Liquidity Services operates as a technology-enabled asset disposition and reverse supply-chain provider. Its revenue is tied to variable commissions, service fees, and managed-service contracts for asset recovery — it does not take principal ownership of most inventory. This capital-light model scales with gross merchandise volume processed through its digital marketplaces for retail, government, and industrial clients.
Is Liquidity Services an investment fund or an operating company?
It is an operating company publicly traded on NASDAQ under the ticker LQDT. There is no external fund or pooled investment vehicle, and it does not raise outside capital for a deployment program — revenue comes from operating the marketplace and related logistics services. Institutional allocators encounter it as a potential public-equity holding, not as a family office or GP.
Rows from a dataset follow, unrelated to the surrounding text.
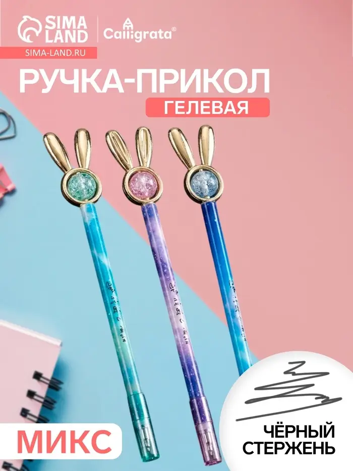 Ручка-прикол Calligrata «Блеск Ушки», чёрный стержень, гелевая, МИКС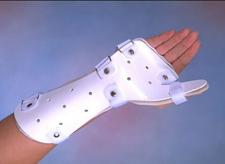 Indicações: Fraturas, tenossinovite de "De Quervain", entorses, contusões, artroses e reeducação articular na artrite rematópide do polegar, imobilização isolada do polegar.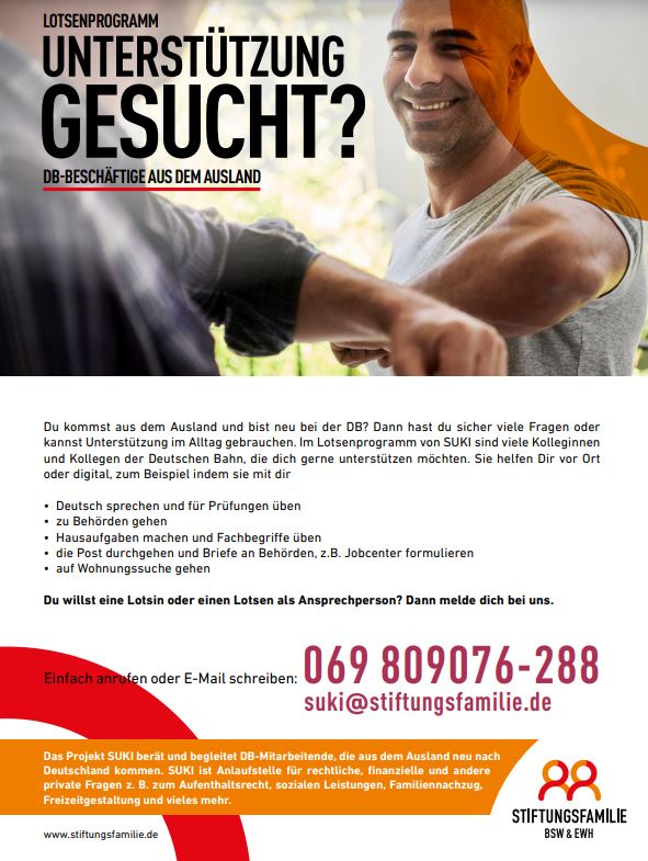 „Soziale und kulturelle Integration“, kurz „SUKI“, begleitet den Onboarding-Prozess von Mitarbeitenden mit Flucht- oder Migrationserfahrung bei der DB. Das Team unterstützt dabei, soziale und kulturelle Hürden zu überwinden und fördert den Zusammenhalt und die Integration innerhalb der DB.

What is Liquidity Services' relationship with the U.S. Department of Defense?
The firm is a longstanding surplus contractor for the Department of Defense, handling the resale of military equipment, vehicles, and parts through its GovDeals and Network International platforms. This contract structure creates a high-barrier sourcing moat and represents a meaningful, recurring channel for certain asset classes.
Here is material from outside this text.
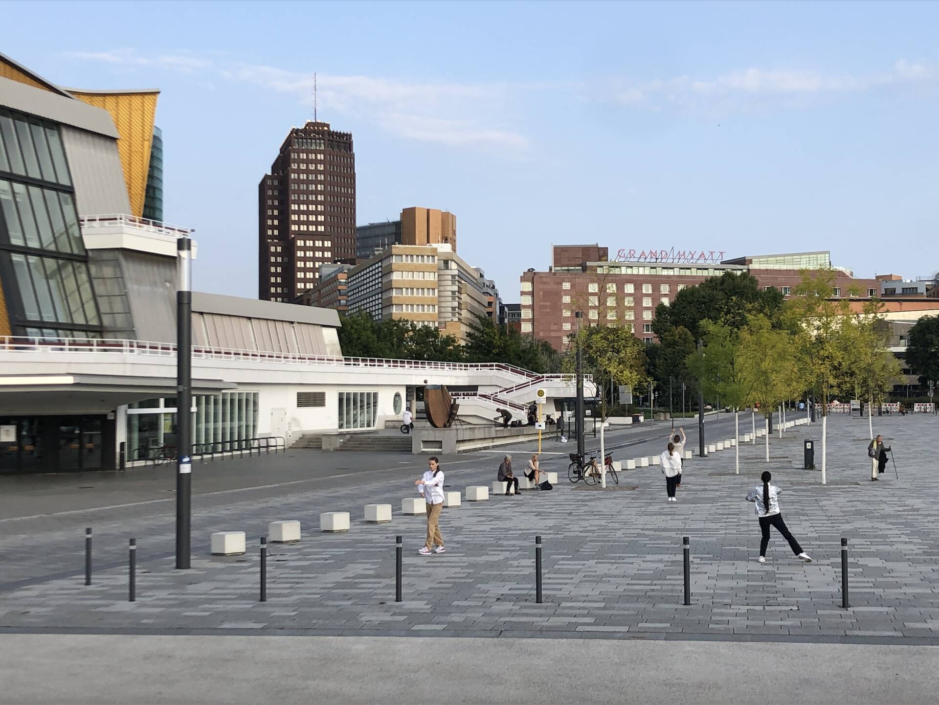Our second location in public space was the Scharoun Square next to the Philharmonie, which Nuria Hoeyng had already envisaged a year ago. Scharoun Square is fascinating because of its shape and the buildings that frame it in a very open way, especially the Chamber Music Hall with its connection to the organic architecture of Hans Scharoun.

How does Liquidity Services compete with other online auction and liquidation platforms?
The firm differentiates through deep ERP integration and a multi-channel sales architecture rather than a single-mall approach. Its Capital Assets Group handles specialized categories like biopharma and energy that require heavy equipment inspection, while the Retail Supply Chain Group services reverse-logistics workflows for big-box retailers — a combination few pure-play auction rivals replicate, per the firm's official communications.
Does Liquidity Services maintain any adjacent financial-services or credit operations?
No. The firm does not operate a lending arm, does not extend trade credit, and is not involved in private credit or receivables financing. Its revenue model is strictly transactional and service-fee oriented based on asset movement across its platforms.